Xstrata’s huge thermal coal project being challenged in Australian court over impacts to Great Barrier Reef

Lawyers for Swiss mining giant Xstrata are in court today defending a massive coal project slated for Queensland.

The AU$6 billion Wandoan coal mine has come under fire by environmentalists for its potential negative effects on the Great Barrier Reef.

Bloomberg reports that Friends of the Earth, an international environmental lobby group, is attempting to block the mine’s approval at a trial in Brisbane that’s scheduled to take two weeks, arguing the coal exported from the project and burned overseas will add to global warming.

According to the story, the court case may become pivotal to future mine approvals because the legal arguments revolve around future, not only immediate, environmental damages caused by the proposed mine, which is about 350 kilometres north of Brisbane:

A win by the group will make it more difficult for companies, including Vale SA and BHP Billiton Ltd., which have about 30 mines in development in the state, to get approvals. Companies would have to include the effects of coal-burning worldwide in environmental impact assessments. The Wandoan appraisal has already taken almost four years.

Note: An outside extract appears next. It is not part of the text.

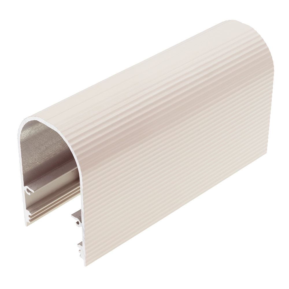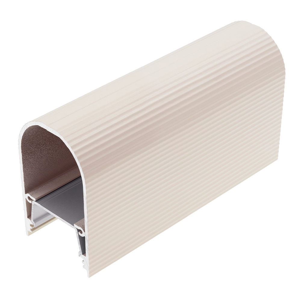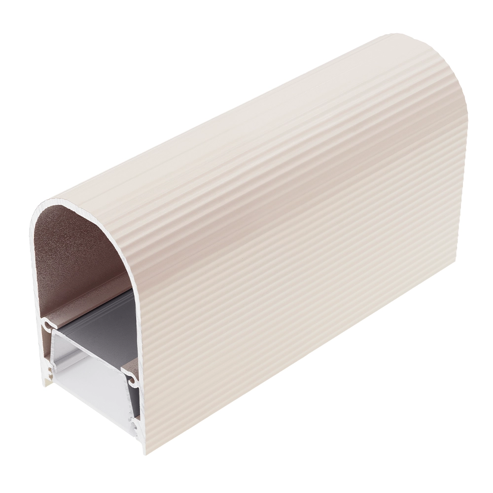 - Klosz D9 "Mleczny" - (transparentność 70%) - klosz zatrzaskowy, wciskany do profilu. Wersja mleczna klosza tworzy efekt jednolitej poświaty (niewidoczne diody taśmy LED), a także niweluje efekt olśnienia. Ogromnym autem klosza jest jego budowa w kształcie "tunelu" - pozwalająca zwiększyć możliwości użytkowe profilu i wykorzystać go mi.in. jako nowoczesną - minimalistyczną lampę.

A spokesman for Friends of the Earth quoted in the article says the exported coal will create 1.3 billion tons of carbon emissions over 30 years — 0.15% of global emissions — and could result in up to AU$1 billion of revenues being lost to Queensland communities due to negative climate impacts.

The legal challenge from Friends of the Earth is being supported by a group of farmers who oppose the project on the grounds that it would consume more than a dozen farms and reduce the area’s agricultural capacity by 40% according to a report in The Australian.

Xstrata says it is spending AU$250 million on initiatives to cut down pollution from the mine. The project has already won state and federal approvals. If the court challenge fails and the project goes ahead, Wandoan, with 600 million tons of thermal coal, would be second in Australia to BHP’s McArthur project, which has more than a billion tonnes of reserves, reports Bloomberg. Xstrata says on its website that the 30-year mine would produce around 30 million run-of-mine tonnes annually.